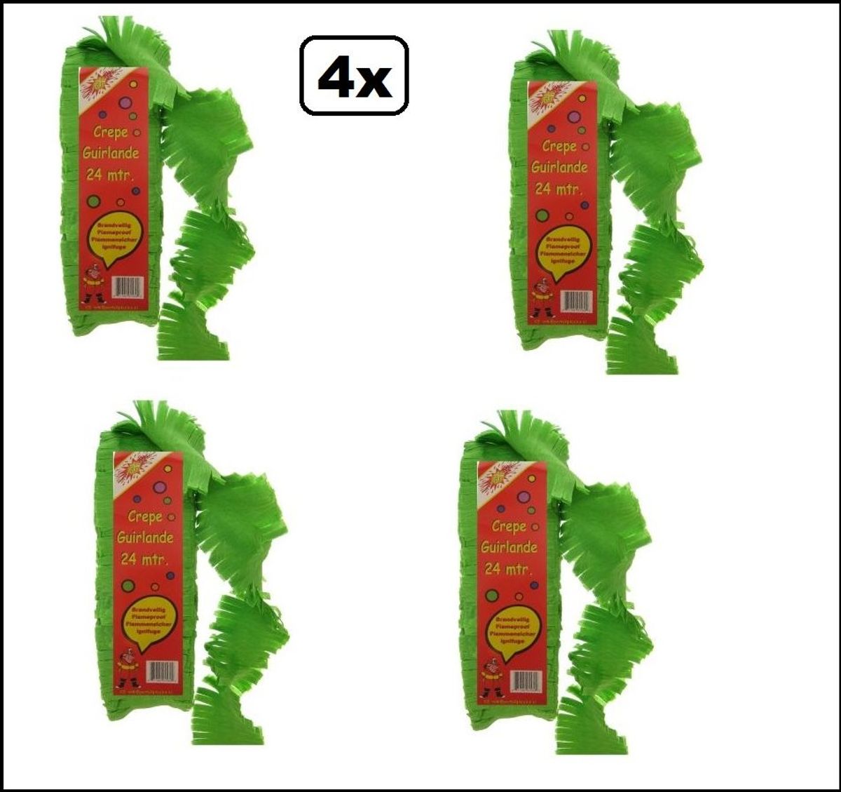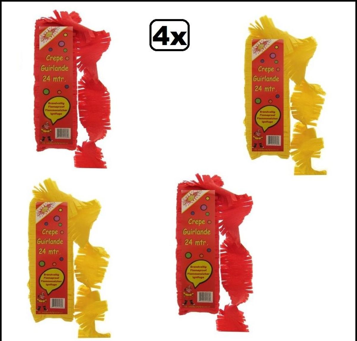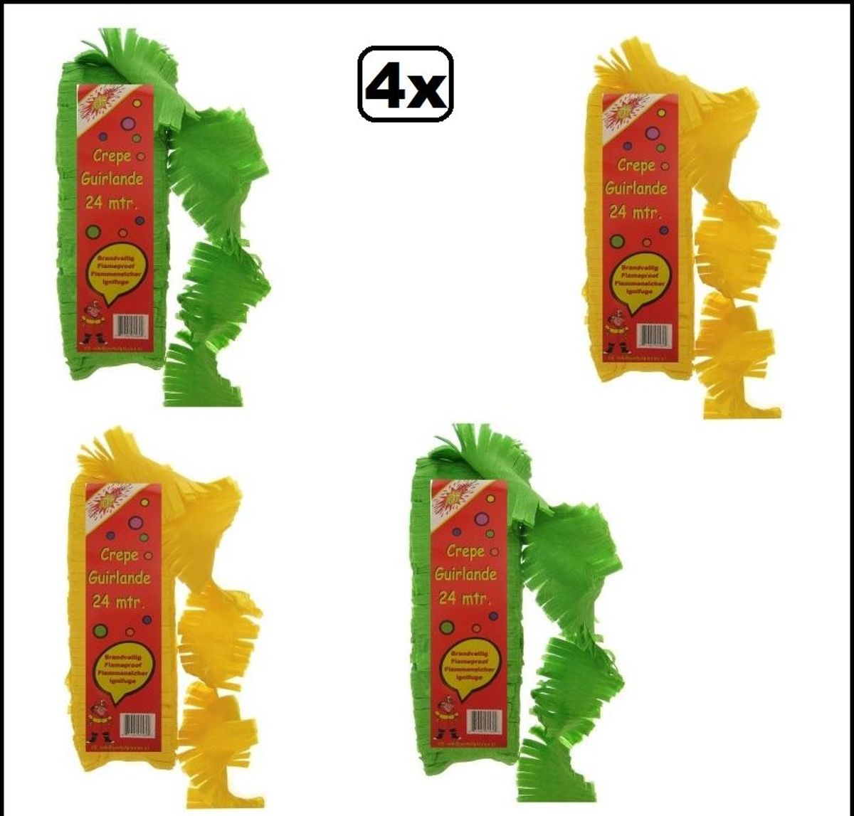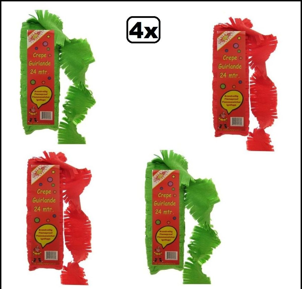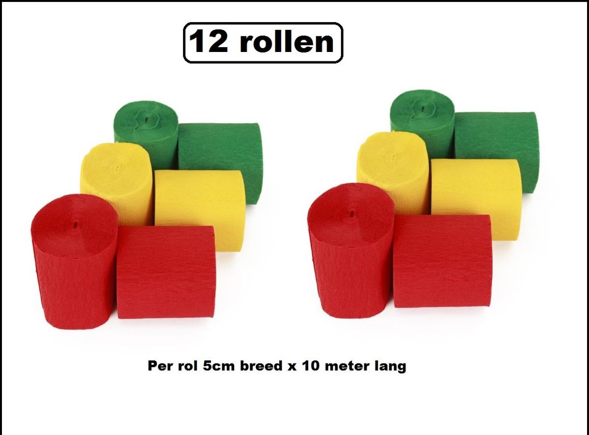 12x Crepe rollen rood/geel/groen 10 meter brandveilig
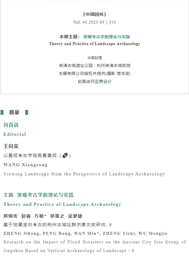 (通讯员 杨洁晶)近日,公司教师团队郑辑宏、彭蓉及兼职教授万敏在园林学科权威期刊《中国园林》上发表了题为《基于地景竖向考古的荆州古城址群洪患灾变研究》的学术论文。该研究聚焦荆州古城址群洪灾影响及其山水格局异化,综合运用景观考古方法、灰色系统模型及GIS空间分析技术,系统揭示了长江荆江段2500年来的高频洪水位演变规律及其对古城空间格局的深层影响。研究成果不仅为深入理解江汉平原人地关系演变提供了新的理论视角,同时也为现代城市防洪规划与景观遗产保护实践提供了重要的科学依据,具有显著的学术价值与现实意义。
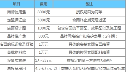 以下是加盟赵征擀面皮的每项费用数据明细:
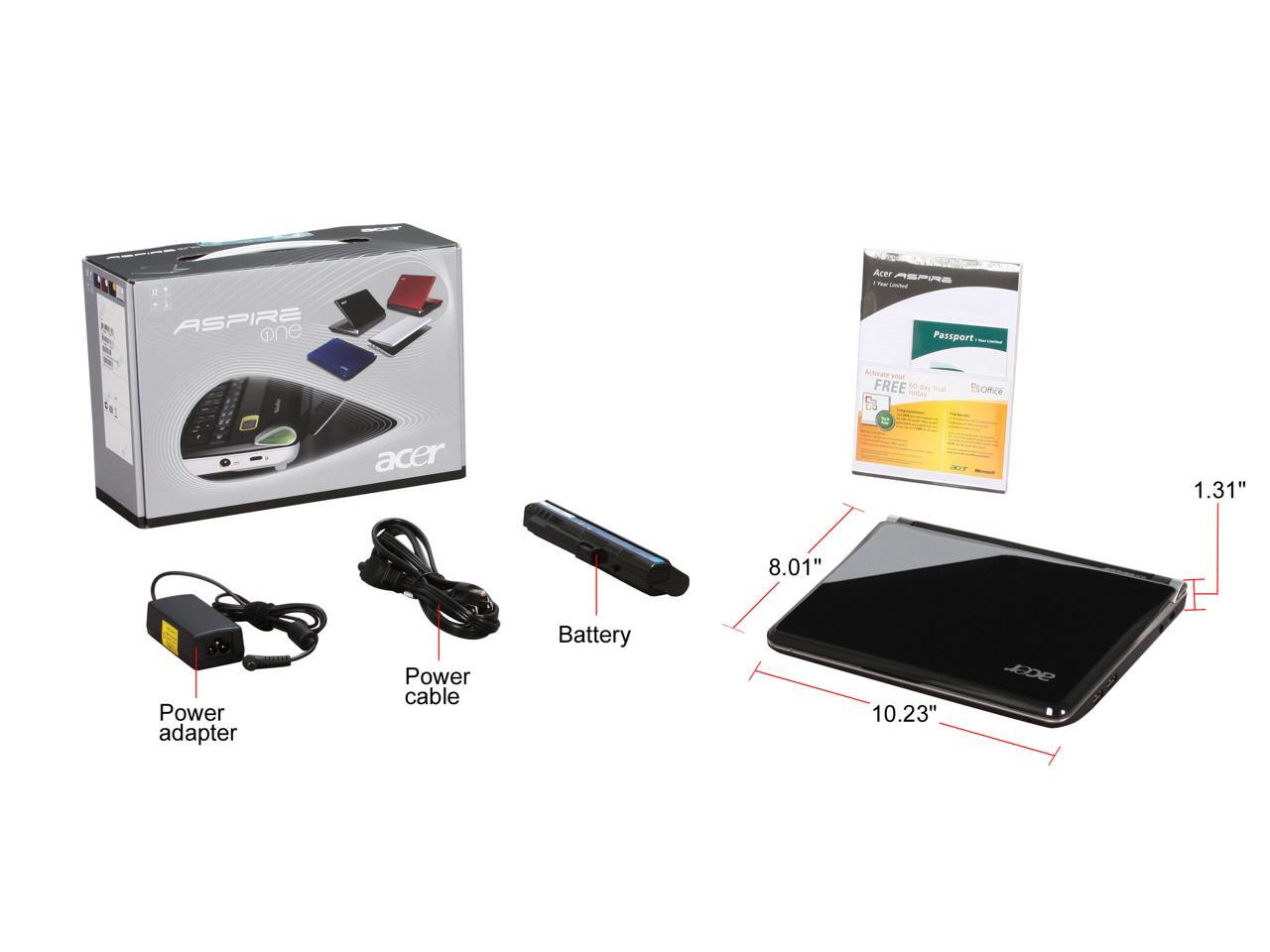 Acer Aspire One AOD150-1577 Black Intel Atom N270(1.60 GHz) 10.1" WSVGA 1GB Memory 160GB HDD Netbook
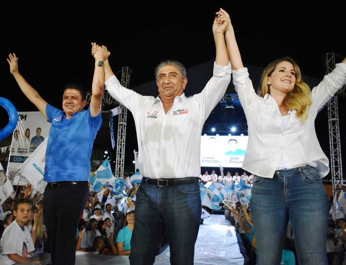 El mitin nocturno atrajo a centenares de partidarios y culminó con esta proclama efervescente: “Sí Podemos, Manta, con José Delgado y Jaime Estrada”.
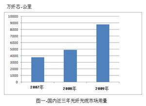 2009年雖然面對(duì)全球經(jīng)濟(jì)危機(jī),但在國(guó)家拉動(dòng)內(nèi)需的戰(zhàn)略方針指導(dǎo)下,隨著3G、FTTX建設(shè)的大規(guī)模展開(kāi),國(guó)內(nèi)光纖光纜市場(chǎng)需求急速增長(zhǎng)。相對(duì)2008年市場(chǎng)需求增長(zhǎng)率高達(dá)81%,用量達(dá)8800萬(wàn)纖芯公里左右,占世界總用量18,000萬(wàn)纖芯公里的48%。2010年將隨著3G、FTTX及智能電網(wǎng)建設(shè)的進(jìn)一步展開(kāi),光纖光纜市場(chǎng)將繼續(xù)保持增長(zhǎng)態(tài)勢(shì)。
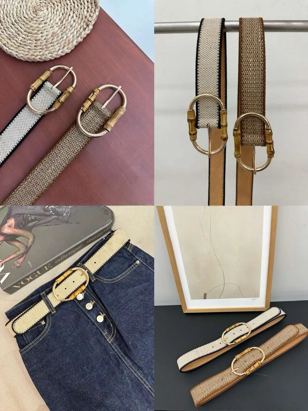A30 0525(限量特)名媛風真牛皮原木拼接麻料環釦腰帶2色
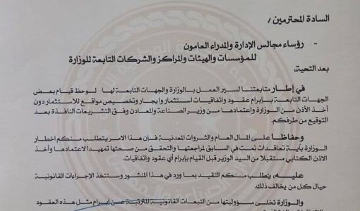 اصدر وزير الصناعة والمعادن “احمد ابوهيسة” بحكومة الوحدة الوطنية ، اليوم الاربعاء منشور بشأن قيام بعض الجهات التابعه بإبرام عقود واتفاقيات استثمار وايجار وتخصيص مواقع دون أخذ الإذن من الوزارة، والذي يطلب فيه اخطار الوزارة بأية تعاقدات تمت في السابق لمراجعتها والتحقق من صحتها تمهيدا لاعتمادها وأخذ الاذن الكتابي من الوزير.

==============================

- **INSTRUCTIONS FOR THE TASK**:
Using the entries above, write out exactly the lines from the one with "Acer Aspire One" through the one with "A30 0525(限量特)名媛風真牛皮原木拼接麻料環釦腰帶2色", ends included. Leave out any pictures.

- **ANSWER TO THE EXERCISE**:
 Acer Aspire One AOD150-1577 Black Intel Atom N270(1.60 GHz) 10.1" WSVGA 1GB Memory 160GB HDD Netbook
 El mitin nocturno atrajo a centenares de partidarios y culminó con esta proclama efervescente: “Sí Podemos, Manta, con José Delgado y Jaime Estrada”.
 2009年雖然面對(duì)全球經(jīng)濟(jì)危機(jī),但在國(guó)家拉動(dòng)內(nèi)需的戰(zhàn)略方針指導(dǎo)下,隨著3G、FTTX建設(shè)的大規(guī)模展開(kāi),國(guó)內(nèi)光纖光纜市場(chǎng)需求急速增長(zhǎng)。相對(duì)2008年市場(chǎng)需求增長(zhǎng)率高達(dá)81%,用量達(dá)8800萬(wàn)纖芯公里左右,占世界總用量18,000萬(wàn)纖芯公里的48%。2010年將隨著3G、FTTX及智能電網(wǎng)建設(shè)的進(jìn)一步展開(kāi),光纖光纜市場(chǎng)將繼續(xù)保持增長(zhǎng)態(tài)勢(shì)。
A30 0525(限量特)名媛風真牛皮原木拼接麻料環釦腰帶2色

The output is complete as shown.